作者
Andrea Cavazzoni,Irene Salamon,Claudia Fumarola,Giulia Gallerani,Noemi Laprovitera,Francesco Gelsomino,Mattia Riefolo,Karim Rihawi,Elisa Porcellini,Tania Rossi,Martina Mazzeschi,Maria Naddeo,Salvatore Serravalle,Elisabetta Broseghini,Federico Agostinis,Olivier Déas,Roberta Roncarati,Giorgio Durante,Mattia Lauriola,Ingrid Garajovà,George A. Călin,Massimiliano Bonafè,Antonietta D’Errico,Pier Giorgio Petronini,Stefano Cairo,Andrea Ardizzoni,Gabriele Sales,Manuela Ferracin
摘要
Abstract Patients with cancer of unknown primary (CUP) carry the burden of an aggressive disease and reduced access to therapies.
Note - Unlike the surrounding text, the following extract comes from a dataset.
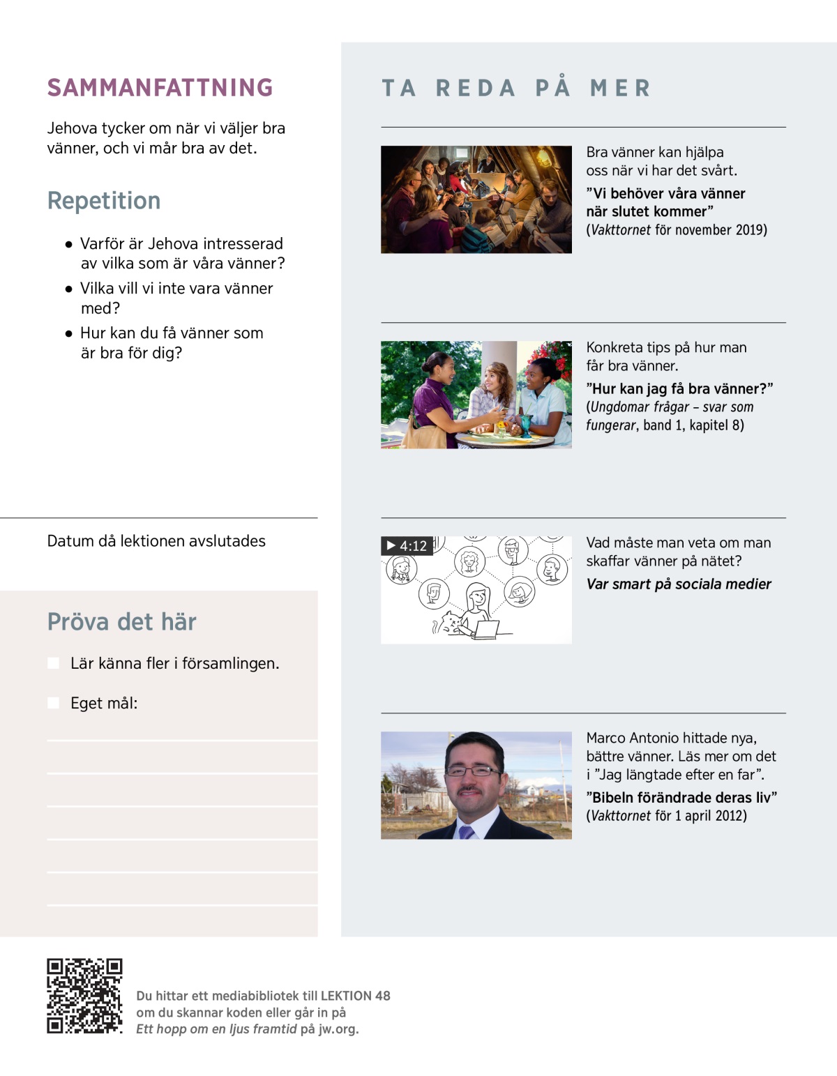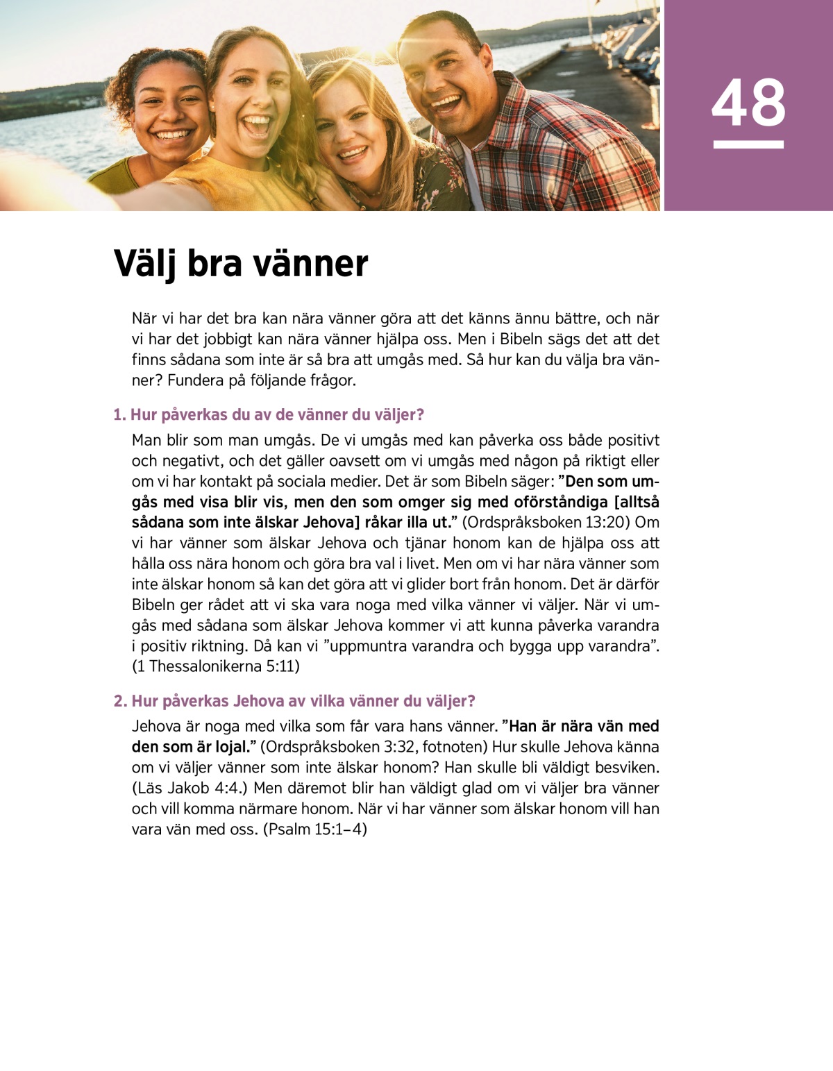 När vi har det bra kan nära vänner göra att det känns ännu bättre, och när vi har det jobbigt kan nära vänner hjälpa oss. Men i Bibeln sägs det att det finns sådana som inte är så bra att umgås med. Så hur kan du välja bra vänner? Fundera på följande frågor.

Experimental models are pivotal for CUP biology investigation and drug testing. We derived two CUP cell lines (CUP#55 and #96), and corresponding patient-derived xenografts (PDXs), from ascites tumor cells. CUP cell lines and PDXs underwent histological, immune-phenotypical, molecular, and genomic characterization confirming the features of the original tumor. The tissue-of-origin prediction was obtained from the tumor microRNA expression profile and confirmed by single-cell transcriptomics. Genomic testing and FISH analysis identified FGFR2 gene amplification in both models, in the form of homogenously staining region (HSR) in CUP#55 and double minutes in CUP#96. FGFR2 was recognized as the main oncogenic driver and therapeutic target. FGFR2-targeting drug BGJ-398 (infigratinib) in combination with the MEK inhibitor trametinib proved to be synergic and exceptionally active, both in vitro and in vivo . The effects of the combined treatment by single-cell gene expression analysis revealed a remarkable plasticity of tumor cells and the greater sensitivity of cells with epithelial phenotype. This study brings personalized therapy closer to CUP patients and provides the rationale for FGFR2 and MEK targeting in metastatic tumors with FGFR2 pathway activation.